(Records shown Opens)
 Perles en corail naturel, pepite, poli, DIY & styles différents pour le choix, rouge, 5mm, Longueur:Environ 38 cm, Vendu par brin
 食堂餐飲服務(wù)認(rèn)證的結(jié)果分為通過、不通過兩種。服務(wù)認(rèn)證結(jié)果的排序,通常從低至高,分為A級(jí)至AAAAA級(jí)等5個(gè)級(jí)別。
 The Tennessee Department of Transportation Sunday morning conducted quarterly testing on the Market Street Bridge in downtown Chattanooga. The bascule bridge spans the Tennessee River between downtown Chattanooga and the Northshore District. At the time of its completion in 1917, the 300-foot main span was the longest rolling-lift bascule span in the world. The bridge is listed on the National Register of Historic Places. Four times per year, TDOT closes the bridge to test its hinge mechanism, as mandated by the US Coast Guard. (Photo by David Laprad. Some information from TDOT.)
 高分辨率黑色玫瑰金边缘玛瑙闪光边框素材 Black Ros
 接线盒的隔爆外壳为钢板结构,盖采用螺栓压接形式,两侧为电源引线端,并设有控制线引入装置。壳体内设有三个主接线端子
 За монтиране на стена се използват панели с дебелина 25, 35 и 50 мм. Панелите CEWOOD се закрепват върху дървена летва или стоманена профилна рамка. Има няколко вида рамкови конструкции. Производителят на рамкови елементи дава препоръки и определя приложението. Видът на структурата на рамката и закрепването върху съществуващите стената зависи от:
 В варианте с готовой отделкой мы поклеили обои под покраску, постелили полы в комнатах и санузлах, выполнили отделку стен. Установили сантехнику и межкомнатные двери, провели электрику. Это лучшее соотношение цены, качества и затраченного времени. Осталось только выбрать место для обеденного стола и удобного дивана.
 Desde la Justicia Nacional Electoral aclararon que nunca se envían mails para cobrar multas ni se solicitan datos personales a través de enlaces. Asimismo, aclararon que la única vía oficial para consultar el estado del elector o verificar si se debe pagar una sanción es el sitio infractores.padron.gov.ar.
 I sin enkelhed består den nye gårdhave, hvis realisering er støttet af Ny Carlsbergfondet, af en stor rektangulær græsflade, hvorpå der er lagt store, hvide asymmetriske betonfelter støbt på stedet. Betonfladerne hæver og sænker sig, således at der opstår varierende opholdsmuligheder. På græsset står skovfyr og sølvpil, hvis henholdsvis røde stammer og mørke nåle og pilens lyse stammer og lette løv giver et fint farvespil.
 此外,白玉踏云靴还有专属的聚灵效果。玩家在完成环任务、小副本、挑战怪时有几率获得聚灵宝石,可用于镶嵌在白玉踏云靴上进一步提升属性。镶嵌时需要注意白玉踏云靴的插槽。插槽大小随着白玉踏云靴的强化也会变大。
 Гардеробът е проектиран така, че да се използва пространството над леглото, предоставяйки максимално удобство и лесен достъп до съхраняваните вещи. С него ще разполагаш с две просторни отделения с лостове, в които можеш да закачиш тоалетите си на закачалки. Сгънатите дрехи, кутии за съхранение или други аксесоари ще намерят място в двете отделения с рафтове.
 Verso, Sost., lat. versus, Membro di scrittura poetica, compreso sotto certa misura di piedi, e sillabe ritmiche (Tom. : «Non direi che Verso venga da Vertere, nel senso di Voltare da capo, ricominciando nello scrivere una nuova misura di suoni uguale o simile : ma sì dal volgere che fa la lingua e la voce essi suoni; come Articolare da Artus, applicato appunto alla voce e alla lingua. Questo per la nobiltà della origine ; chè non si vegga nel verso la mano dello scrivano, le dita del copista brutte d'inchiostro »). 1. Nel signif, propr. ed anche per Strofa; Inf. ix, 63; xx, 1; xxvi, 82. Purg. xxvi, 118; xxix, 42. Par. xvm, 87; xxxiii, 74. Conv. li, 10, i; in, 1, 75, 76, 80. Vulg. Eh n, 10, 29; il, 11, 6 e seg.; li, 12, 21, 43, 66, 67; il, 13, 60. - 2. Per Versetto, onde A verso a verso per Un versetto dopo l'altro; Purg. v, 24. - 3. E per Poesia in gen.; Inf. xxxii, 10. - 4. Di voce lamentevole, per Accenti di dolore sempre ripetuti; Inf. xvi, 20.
(Records shown Closes)
Exercise description » Output exactly the leading lines of the data, up to and including the line marked by "食堂餐飲服務(wù)認(rè".

Response area »
 Perles en corail naturel, pepite, poli, DIY & styles différents pour le choix, rouge, 5mm, Longueur:Environ 38 cm, Vendu par brin
 食堂餐飲服務(wù)認(rèn)證的結(jié)果分為通過、不通過兩種。服務(wù)認(rèn)證結(jié)果的排序,通常從低至高,分為A級(jí)至AAAAA級(jí)等5個(gè)級(jí)別。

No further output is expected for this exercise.